SOURCE DATA:
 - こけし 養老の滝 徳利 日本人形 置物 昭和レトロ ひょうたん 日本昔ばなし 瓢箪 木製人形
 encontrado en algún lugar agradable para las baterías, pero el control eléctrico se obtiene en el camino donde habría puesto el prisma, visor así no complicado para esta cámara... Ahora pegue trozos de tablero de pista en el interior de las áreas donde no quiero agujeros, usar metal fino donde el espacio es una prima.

==

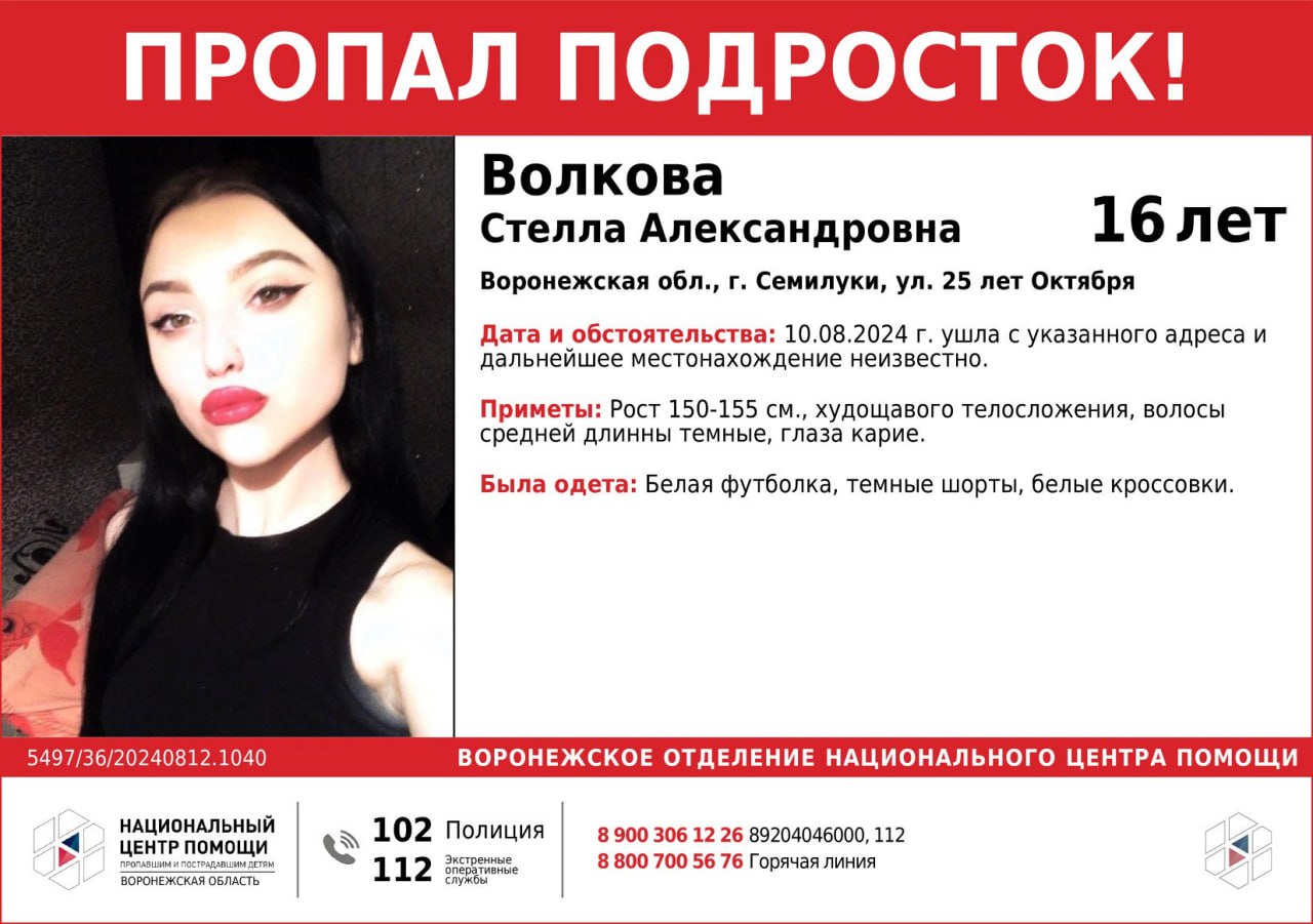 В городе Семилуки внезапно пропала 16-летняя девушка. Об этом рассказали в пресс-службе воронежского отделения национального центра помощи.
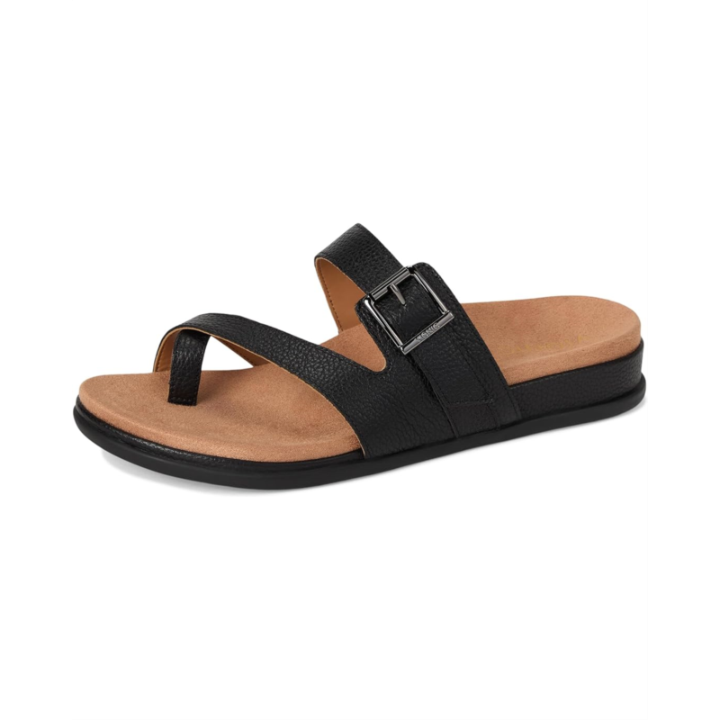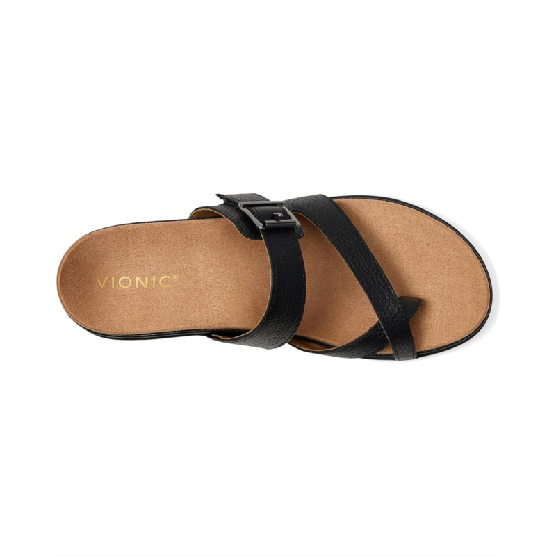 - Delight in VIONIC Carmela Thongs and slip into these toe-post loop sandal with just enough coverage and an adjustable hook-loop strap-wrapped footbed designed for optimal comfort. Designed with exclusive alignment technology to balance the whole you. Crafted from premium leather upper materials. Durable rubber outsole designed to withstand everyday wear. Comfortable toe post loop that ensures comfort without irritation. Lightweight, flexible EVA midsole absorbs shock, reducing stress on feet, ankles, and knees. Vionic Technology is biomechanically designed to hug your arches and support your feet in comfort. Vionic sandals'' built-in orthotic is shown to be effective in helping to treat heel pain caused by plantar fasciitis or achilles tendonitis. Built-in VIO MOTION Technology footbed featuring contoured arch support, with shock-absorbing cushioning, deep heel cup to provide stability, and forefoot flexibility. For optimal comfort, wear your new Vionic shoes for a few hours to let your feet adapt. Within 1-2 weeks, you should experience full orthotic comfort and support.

==

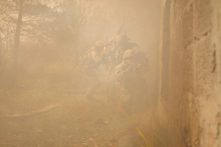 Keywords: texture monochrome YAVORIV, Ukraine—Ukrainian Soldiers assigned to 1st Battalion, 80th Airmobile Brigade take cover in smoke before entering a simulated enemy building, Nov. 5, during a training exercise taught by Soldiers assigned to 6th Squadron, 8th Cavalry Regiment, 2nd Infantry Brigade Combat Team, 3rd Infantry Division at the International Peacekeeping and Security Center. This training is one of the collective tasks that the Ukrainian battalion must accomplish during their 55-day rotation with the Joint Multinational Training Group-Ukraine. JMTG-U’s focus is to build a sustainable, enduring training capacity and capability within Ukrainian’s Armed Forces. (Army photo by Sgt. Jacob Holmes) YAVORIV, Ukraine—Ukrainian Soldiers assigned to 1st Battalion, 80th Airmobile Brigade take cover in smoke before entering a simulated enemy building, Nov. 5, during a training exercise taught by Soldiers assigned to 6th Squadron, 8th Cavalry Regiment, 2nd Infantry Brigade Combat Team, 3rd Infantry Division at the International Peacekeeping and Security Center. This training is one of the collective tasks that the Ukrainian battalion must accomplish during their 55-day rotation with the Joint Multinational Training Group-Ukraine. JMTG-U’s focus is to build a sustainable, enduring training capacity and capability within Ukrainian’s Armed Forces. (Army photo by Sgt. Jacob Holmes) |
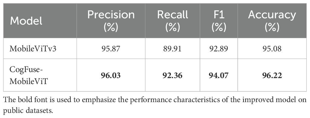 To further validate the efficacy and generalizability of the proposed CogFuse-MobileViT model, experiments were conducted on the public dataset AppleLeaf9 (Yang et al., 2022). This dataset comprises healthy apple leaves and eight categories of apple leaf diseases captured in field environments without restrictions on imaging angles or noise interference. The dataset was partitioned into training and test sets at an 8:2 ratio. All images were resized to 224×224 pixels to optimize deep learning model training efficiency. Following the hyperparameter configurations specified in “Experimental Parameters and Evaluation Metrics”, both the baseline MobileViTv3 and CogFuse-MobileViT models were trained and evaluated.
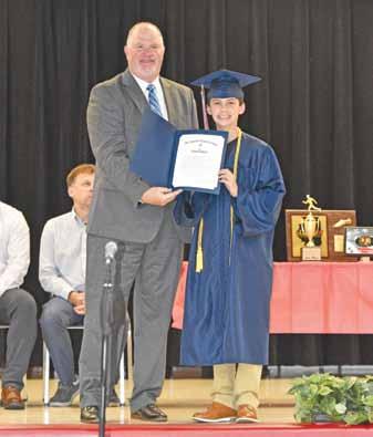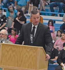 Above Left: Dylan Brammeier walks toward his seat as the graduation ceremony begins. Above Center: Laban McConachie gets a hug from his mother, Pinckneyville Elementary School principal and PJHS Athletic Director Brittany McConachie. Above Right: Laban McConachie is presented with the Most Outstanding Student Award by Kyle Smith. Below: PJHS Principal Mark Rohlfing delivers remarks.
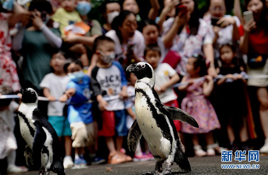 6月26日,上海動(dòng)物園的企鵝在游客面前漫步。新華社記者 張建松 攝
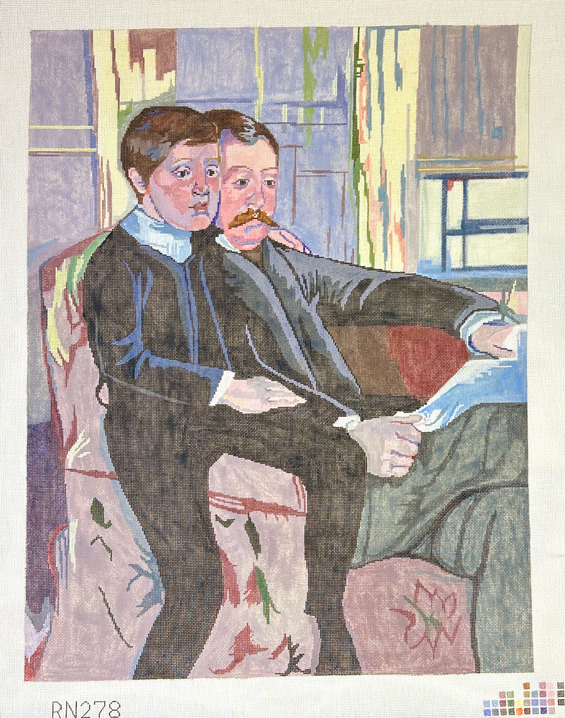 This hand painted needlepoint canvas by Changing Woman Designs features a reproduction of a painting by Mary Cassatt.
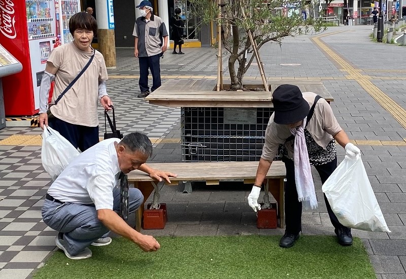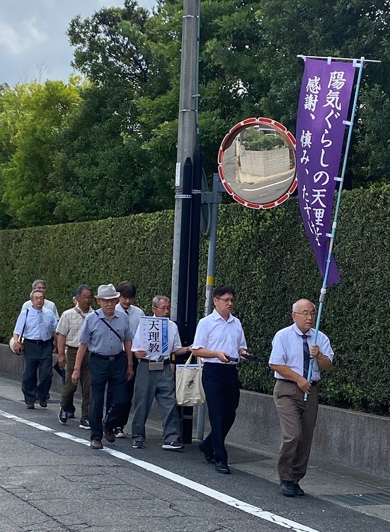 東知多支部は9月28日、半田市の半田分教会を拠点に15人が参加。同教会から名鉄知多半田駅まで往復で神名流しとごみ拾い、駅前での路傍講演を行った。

WHAT IS NEEDED:
Write out exactly the lines above between the one with "6月26日,上海動(dòng)物園的企鵝在游客面前漫步。新華社記者 張建松 攝" and the one with "東知多支部は9月28日、半田", inclusive, with pictures left out.

EXERCISE ANSWER:
 6月26日,上海動(dòng)物園的企鵝在游客面前漫步。新華社記者 張建松 攝
 This hand painted needlepoint canvas by Changing Woman Designs features a reproduction of a painting by Mary Cassatt.
 東知多支部は9月28日、半田市の半田分教会を拠点に15人が参加。同教会から名鉄知多半田駅まで往復で神名流しとごみ拾い、駅前での路傍講演を行った。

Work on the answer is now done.